Bu uyarıya rağmen bazı saf Müslümanlar bu kimselerin yaptıklarına bakmak yerine şekillerine baktıkları için yanılmaktadır. Bu noktada akla Allah Resulünün şu beyanı gelmektedir:

Sizin aranızda öyle zümreler türeyecektir ki; siz onların namazlarının yanında kendi namazlarınızı, oruçlarının yanında kendi oruçlarınızı, iyi işleri yanında kendi iyi işlerinizi küçük göreceksiniz. (Yani onların yaptığı işler dıştan sizinkinden üstün gibi görünecektir.)

Onlar Kur’an da okuyacaklar. Fakat Kur’an (ın) feyzi onların boğazlarından öteye geçmeyecektir. (Yalnız dilde kalacaktır.) Nitekim onlar, okun yaydan çıktığı gibi dinden çıkacaklar.” [4]

Değerli dostlar bizim kaynağımız bellidir ki, Allah Resulü veda haccında bunu açıkça ortaya koymuştur:

Size iki şey bırakıyorum. (Bunlara tutunursanız) asla dalâlete düşmezsiniz: Allah’ın kitabı ve sünnetim. Bu ikisi (kıyamette) havz(ı kevserin yanın)a kadar ayrılmadan beraberce geleceklerdir.”  [5]

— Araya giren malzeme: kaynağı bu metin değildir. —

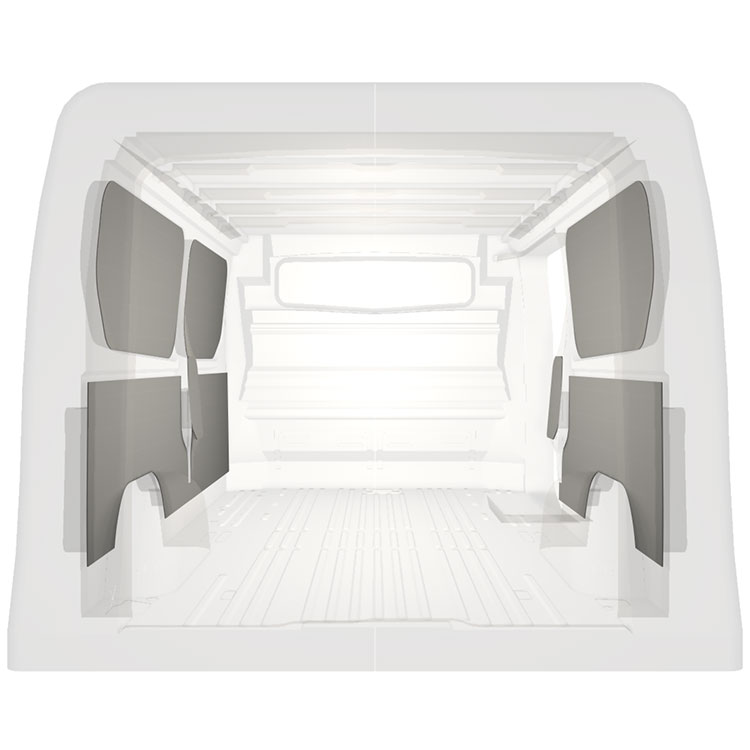 Lichtgewicht paneelbekleding voor de binnenwanden van een Renault Trafic / Opel Vivaro / Fiat Talento / Nissan NV300 met zijportier aan de rechterkant. De bekleding zorgt voor een lichte, aangename werkomgeving en is makkelijk schoon te vegen.
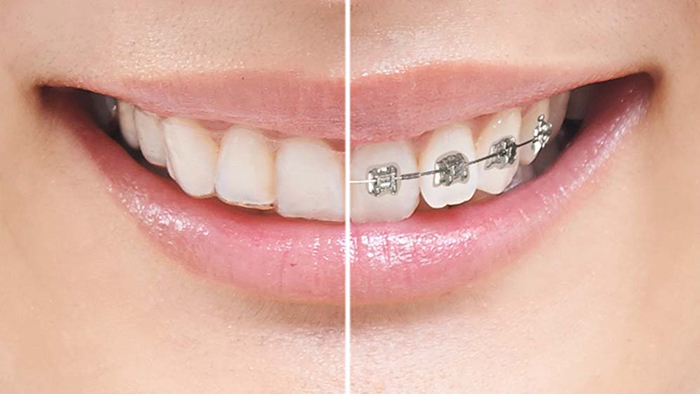 従来の矯正治療(ワイヤー矯正)は、金属製の矯正装置を接着剤で歯に固定し、歯並びを改善します。
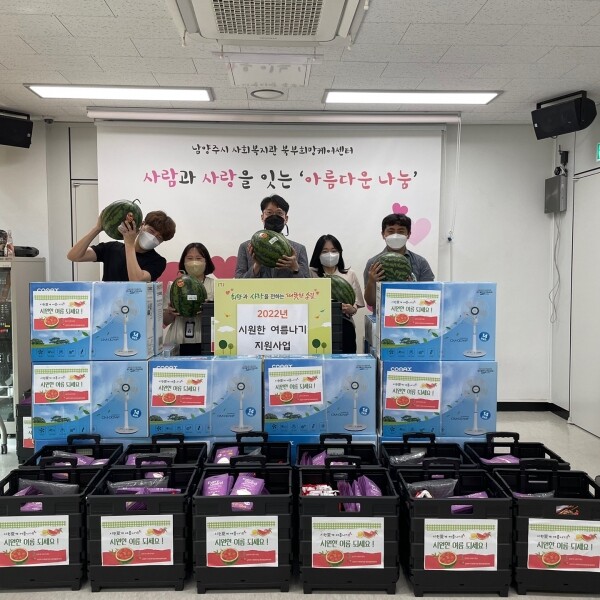 이번 사업은 여름을 맞아 폭염에 취약할 수 있는 저소득 이웃 50명에게 제철 과일인 수박과 보양식인 삼계탕, 갈비탕, 영양식품인 홍삼, 여름 이불로 구성된 꾸러미를 지원하고 냉방 용품이 부족한 120명에게 선풍기를 지원하는 사업이다.
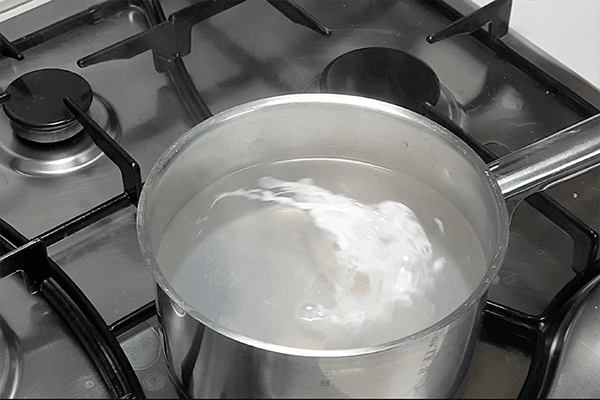 Per preparare l'uovo pochette, mettere in un tegame tre dita di acqua, due cucchiai di aceto bianco e del sale. Poi portate a bollore.
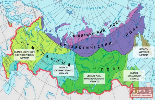 Положение России в северной части Евразии (территория страны в основном лежит севернее 50° с. ш.) обусловило её размещение в арктическом, субарктическом, умеренном и частично в субтропическом климатических поясах.
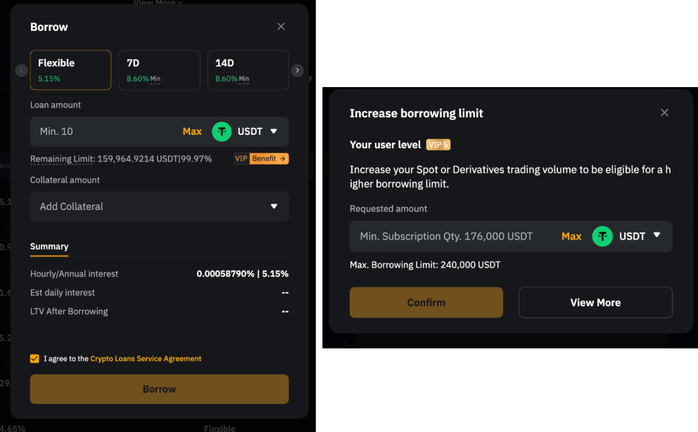 3. Beneficio VIP: Para los usuarios VIP, puedes aumentar el límite de préstamo haciendo clic en Beneficio VIP.
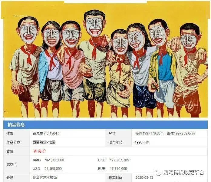 例如,曾梵志的《面具系列1996 NO.6》以1.61亿元的成交价创下了艺术家个人拍卖纪录和中国当代艺术品最高拍卖价格的两个纪录。
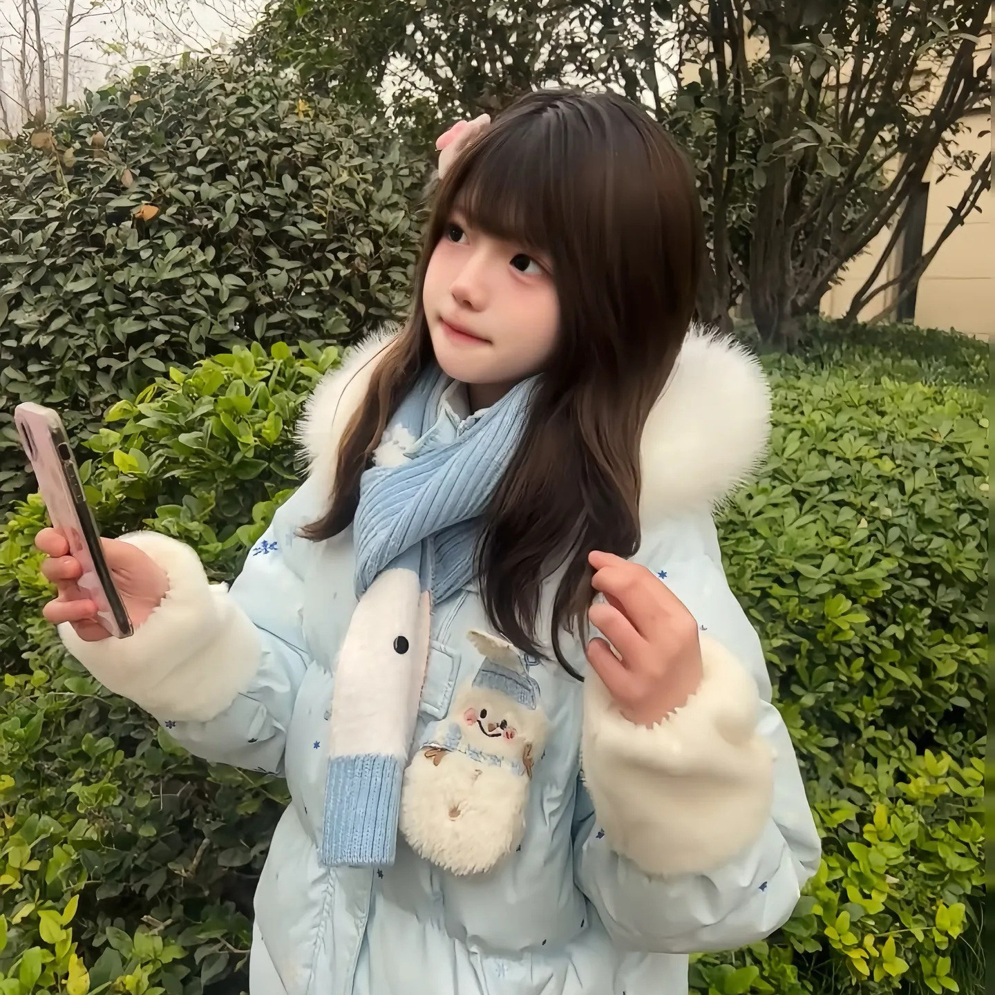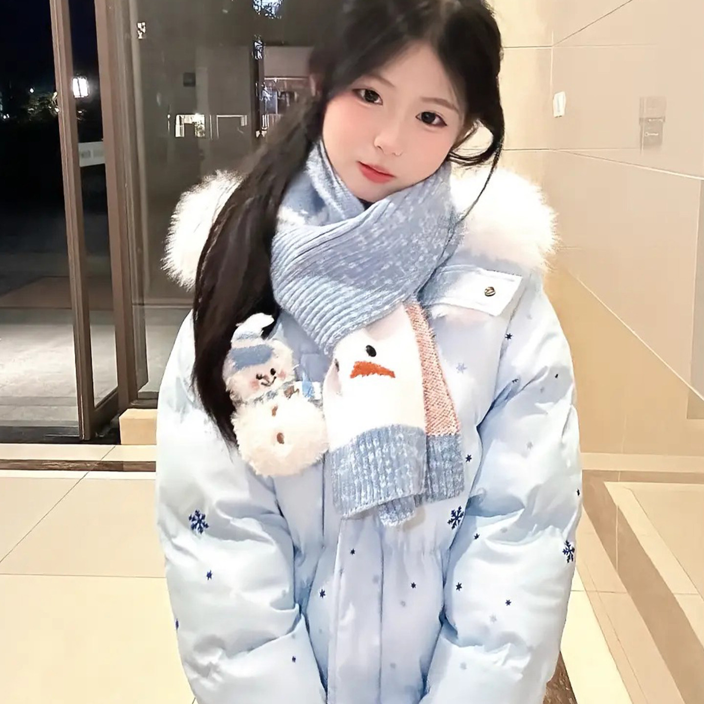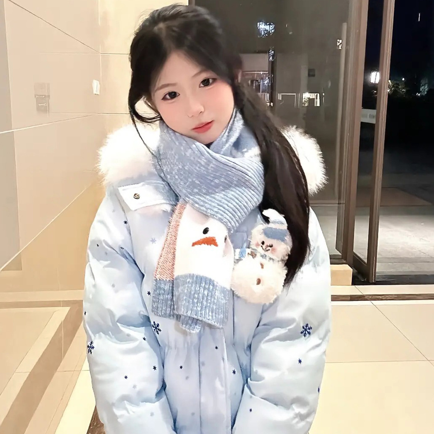 甜美可爱风连帽羽绒棉服女大童初中高中学生学院风卡通保暖外套
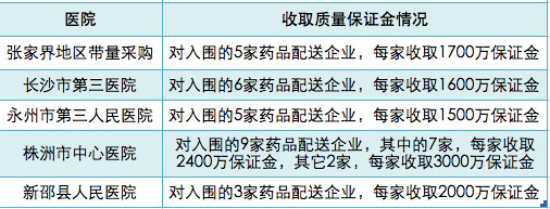 而據(jù)湖南省藥品流通行業(yè)協(xié)會(huì)透露,近些年來,湖南省一些公立醫(yī)療機(jī)構(gòu)在遴選藥品配送企業(yè)時(shí),收取數(shù)額巨大的的質(zhì)量保證金,是非常普遍的現(xiàn)象。從地區(qū)帶量采購,到三甲醫(yī)院,甚至縣級醫(yī)院,都是如此。(部分情況見下表)
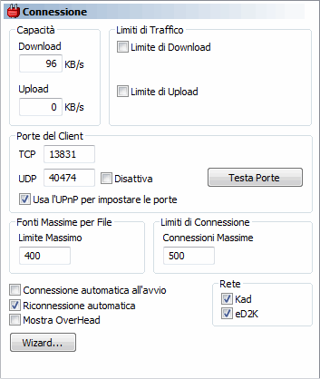 Per configurare le opzioni di connessione bisogna trovare la reale velocità che la tua connessione offre. Puoi trovarla nel tuo contratto con l'ISP o sul suo sito web. Il pulsante "Wizard..." offre anche alcuni valori preconfigurati per i più comuni tipi di connessione. Se non trovi queste informazioni, puoi anche lasciare vuoto impostando la capacità upload a 0. eMule cercherà di capire la quantità di dati che la tua linea è in grado di gestire senza "ingorghi" (questa funzione è chiamata USS, vedi sotto).
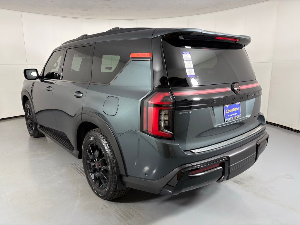 Sales price is plus tax, title, license, and $599 Doc fee, and dealer installed accessories. All New & Used Courtesy vehicles come pre-equipped with Lifetime Window Tint for $499, providing 99% UV protection and long-term interior preservation. 360Shield Ceramic Coating is included for $399, offering durable exterior and interior protection. The CarRx GPS App adds connected driving and theft protection for $399, and Door Edge & Handle Cup Protection helps maintain a like-new appearance for $299. Nitrogen for Life is included, and trucks feature a Spray-In Bedliner for $995 when applicable. Alpine Metallic 2026 Nissan Armada PRO-4X 4WD 9-Speed Automatic 3.5L DOHC.

Bize düşen bu iki emanete sahip çıkarak Rabbimizin emrine de kulak vererek rızasına uygun yaşamak için mücadele çabası içinde olmaktır:

 

يَٓا اَيُّهَا الَّذٖينَ اٰمَنُوا اتَّقُوا اللّٰهَ وَكُونُوا مَعَ الصَّادِقٖينَ

Ey iman edenler! Allah’a karşı gelmekten sakının ve doğrularla beraber olun. [6]

Rabbim bizlere doğru kimselerle beraber olacak feraseti nasip eylesin!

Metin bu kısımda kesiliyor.